Me: I have, I just didn’t mean to put it on there
63% of Americans can’t locate the Earth on a globe
One time someone broke up with me 26 hours after getting their first pair of glasses.
An obese old man who breaks into your house at night? A tiny flying woman who buys your dead teeth? It’s a wonder children can sleep at all.
*leans over uncomfortably close to you at a funeral*
“I get so drunk at these things. Who’s in the box?”
Q: What did the one giraffe say to the other giraffe?
A: “Holy shit I can talk.”
What I say: it’s time for bed
What my child hears: you have been sentenced to life in prison with no parole
Thankful that Five-Fingered Shoes company doesn’t make pants.
my mother is staying with me for about a week, and i’m going to be honest, i didn’t even know the volume on my television went that high
Finding an open electrical socket at the airport and discovering it doesn’t work feels like buying a pair of pants and discovering the pockets are fake.
My dad taught me the importance of having convictions in life. Ten felonies later, I now know that some words have more than one meaning.
THERAPIST: In healthy relationships, couples aren’t afraid to ask questions in the bedroom
ME (having sex): babe what’s the capital of azerbaijan?
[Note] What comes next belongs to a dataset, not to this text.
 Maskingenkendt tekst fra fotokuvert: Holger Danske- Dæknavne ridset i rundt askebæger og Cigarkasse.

“on your left u see fred in camo, on your right is bertha, she has ridden many miles on that electric cart.” If walmart had tour guides.
[knock at door]
ME: yes?
COP: is there a party going on?
ME: well, it’s my dog’s birthday-
[police dog jumps out with a present in his mouth]
COP: SURPRISE
My favourite childhood memory is not paying bills
Waitress says “Say when” when grating my cheese. I never say when. The room fills with parmesan. There are no survivors.
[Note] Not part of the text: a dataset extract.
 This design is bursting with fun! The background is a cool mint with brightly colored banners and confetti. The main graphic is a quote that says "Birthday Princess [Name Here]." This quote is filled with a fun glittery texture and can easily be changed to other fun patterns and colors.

Look, I’m sorry about your leg but this note from my doctor clearly states that this is an emotional support wolverine.
There’s going to be a full moon this Christmas!
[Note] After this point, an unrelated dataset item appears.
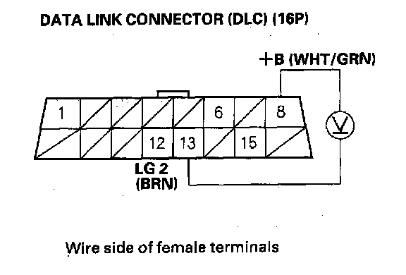 1. Measure voltage between DLC terminal No.8 and body ground.

Because mixing family and alcohol together wasn’t enough…
Me *has read one book all year*
Me *going on a trip for a week* better download 15 books
Eating cauliflower crackers: these don’t even taste like cauliflower
10 minutes later after belching: Ope there it is
me: it was my first day in prison, so I went up to the biggest, scariest guy and punched him
St. Peter: then what happened
I can sing all the words to the intro song of DuckTales, what’s your flex?